Saved entries:
Content starts

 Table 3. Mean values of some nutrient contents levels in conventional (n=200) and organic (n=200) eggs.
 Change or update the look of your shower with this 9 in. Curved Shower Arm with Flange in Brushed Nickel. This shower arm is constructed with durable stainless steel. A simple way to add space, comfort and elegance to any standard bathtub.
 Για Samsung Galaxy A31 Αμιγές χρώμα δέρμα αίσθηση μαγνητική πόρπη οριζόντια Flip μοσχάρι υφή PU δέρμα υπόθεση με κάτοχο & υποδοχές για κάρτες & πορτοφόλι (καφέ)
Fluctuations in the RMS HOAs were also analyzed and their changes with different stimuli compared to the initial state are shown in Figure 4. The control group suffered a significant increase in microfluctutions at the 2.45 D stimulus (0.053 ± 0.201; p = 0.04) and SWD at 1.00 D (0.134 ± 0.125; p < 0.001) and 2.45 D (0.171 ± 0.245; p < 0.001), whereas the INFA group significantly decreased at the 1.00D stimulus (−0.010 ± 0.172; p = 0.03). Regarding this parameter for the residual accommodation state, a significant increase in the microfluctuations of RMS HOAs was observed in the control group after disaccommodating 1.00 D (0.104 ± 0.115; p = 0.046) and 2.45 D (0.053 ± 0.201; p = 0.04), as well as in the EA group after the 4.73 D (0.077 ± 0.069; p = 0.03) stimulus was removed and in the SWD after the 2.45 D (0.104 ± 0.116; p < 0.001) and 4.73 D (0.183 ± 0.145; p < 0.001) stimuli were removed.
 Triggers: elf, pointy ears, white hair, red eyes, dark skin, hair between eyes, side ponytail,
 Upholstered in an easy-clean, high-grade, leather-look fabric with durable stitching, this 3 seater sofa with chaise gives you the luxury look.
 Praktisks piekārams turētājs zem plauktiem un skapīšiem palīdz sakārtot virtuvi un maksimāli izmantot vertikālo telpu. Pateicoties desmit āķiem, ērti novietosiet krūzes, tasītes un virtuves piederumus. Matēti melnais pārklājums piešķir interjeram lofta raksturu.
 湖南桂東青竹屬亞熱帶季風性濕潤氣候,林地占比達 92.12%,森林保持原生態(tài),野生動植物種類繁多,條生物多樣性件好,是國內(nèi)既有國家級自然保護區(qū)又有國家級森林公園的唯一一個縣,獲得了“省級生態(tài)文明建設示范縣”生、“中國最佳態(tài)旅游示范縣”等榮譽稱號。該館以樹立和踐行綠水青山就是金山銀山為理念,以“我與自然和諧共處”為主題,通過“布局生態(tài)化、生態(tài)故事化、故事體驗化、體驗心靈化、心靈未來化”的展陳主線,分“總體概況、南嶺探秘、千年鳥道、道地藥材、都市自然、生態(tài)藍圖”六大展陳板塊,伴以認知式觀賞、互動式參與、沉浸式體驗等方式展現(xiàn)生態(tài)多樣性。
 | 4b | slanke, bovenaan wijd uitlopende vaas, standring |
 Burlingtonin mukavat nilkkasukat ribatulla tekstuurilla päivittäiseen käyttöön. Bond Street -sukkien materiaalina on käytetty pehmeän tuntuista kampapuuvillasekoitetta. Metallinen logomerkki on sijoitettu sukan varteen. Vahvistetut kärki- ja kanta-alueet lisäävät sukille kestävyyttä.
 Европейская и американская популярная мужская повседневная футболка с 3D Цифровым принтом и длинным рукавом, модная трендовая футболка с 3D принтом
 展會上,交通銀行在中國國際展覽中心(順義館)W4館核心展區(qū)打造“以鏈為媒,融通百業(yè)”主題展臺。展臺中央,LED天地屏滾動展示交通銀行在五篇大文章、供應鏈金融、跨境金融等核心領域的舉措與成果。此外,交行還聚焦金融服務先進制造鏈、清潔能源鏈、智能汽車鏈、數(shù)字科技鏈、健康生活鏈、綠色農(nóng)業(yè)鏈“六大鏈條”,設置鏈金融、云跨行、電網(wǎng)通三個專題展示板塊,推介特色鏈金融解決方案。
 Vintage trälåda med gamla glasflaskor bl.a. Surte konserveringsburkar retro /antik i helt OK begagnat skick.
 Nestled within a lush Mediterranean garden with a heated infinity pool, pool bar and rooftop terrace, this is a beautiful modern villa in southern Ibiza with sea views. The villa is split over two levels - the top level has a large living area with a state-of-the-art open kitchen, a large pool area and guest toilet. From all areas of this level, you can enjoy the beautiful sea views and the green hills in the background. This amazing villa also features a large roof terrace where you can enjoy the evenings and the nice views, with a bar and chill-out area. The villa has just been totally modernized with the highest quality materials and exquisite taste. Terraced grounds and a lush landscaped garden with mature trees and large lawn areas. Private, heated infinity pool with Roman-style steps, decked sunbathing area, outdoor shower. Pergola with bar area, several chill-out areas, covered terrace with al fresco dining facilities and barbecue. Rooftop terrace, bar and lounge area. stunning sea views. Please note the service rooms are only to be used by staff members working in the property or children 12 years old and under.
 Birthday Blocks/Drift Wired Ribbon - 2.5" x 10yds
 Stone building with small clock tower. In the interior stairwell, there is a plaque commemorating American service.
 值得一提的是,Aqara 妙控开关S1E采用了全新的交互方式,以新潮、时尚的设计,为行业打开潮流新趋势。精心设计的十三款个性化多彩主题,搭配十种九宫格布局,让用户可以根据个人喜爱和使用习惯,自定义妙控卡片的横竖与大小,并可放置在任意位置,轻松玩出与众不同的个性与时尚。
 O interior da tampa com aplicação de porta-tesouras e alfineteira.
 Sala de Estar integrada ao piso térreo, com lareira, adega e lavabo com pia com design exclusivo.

Content ends

* **The problem**:
The expected output is the exact run of lines from the start of the entries through the line with "Upholstered in an", inclusive.

* **Written reply**:
 Table 3. Mean values of some nutrient contents levels in conventional (n=200) and organic (n=200) eggs.
 Change or update the look of your shower with this 9 in. Curved Shower Arm with Flange in Brushed Nickel. This shower arm is constructed with durable stainless steel. A simple way to add space, comfort and elegance to any standard bathtub.
 Για Samsung Galaxy A31 Αμιγές χρώμα δέρμα αίσθηση μαγνητική πόρπη οριζόντια Flip μοσχάρι υφή PU δέρμα υπόθεση με κάτοχο & υποδοχές για κάρτες & πορτοφόλι (καφέ)
Fluctuations in the RMS HOAs were also analyzed and their changes with different stimuli compared to the initial state are shown in Figure 4. The control group suffered a significant increase in microfluctutions at the 2.45 D stimulus (0.053 ± 0.201; p = 0.04) and SWD at 1.00 D (0.134 ± 0.125; p < 0.001) and 2.45 D (0.171 ± 0.245; p < 0.001), whereas the INFA group significantly decreased at the 1.00D stimulus (−0.010 ± 0.172; p = 0.03). Regarding this parameter for the residual accommodation state, a significant increase in the microfluctuations of RMS HOAs was observed in the control group after disaccommodating 1.00 D (0.104 ± 0.115; p = 0.046) and 2.45 D (0.053 ± 0.201; p = 0.04), as well as in the EA group after the 4.73 D (0.077 ± 0.069; p = 0.03) stimulus was removed and in the SWD after the 2.45 D (0.104 ± 0.116; p < 0.001) and 4.73 D (0.183 ± 0.145; p < 0.001) stimuli were removed.
 Triggers: elf, pointy ears, white hair, red eyes, dark skin, hair between eyes, side ponytail,
 Upholstered in an easy-clean, high-grade, leather-look fabric with durable stitching, this 3 seater sofa with chaise gives you the luxury look.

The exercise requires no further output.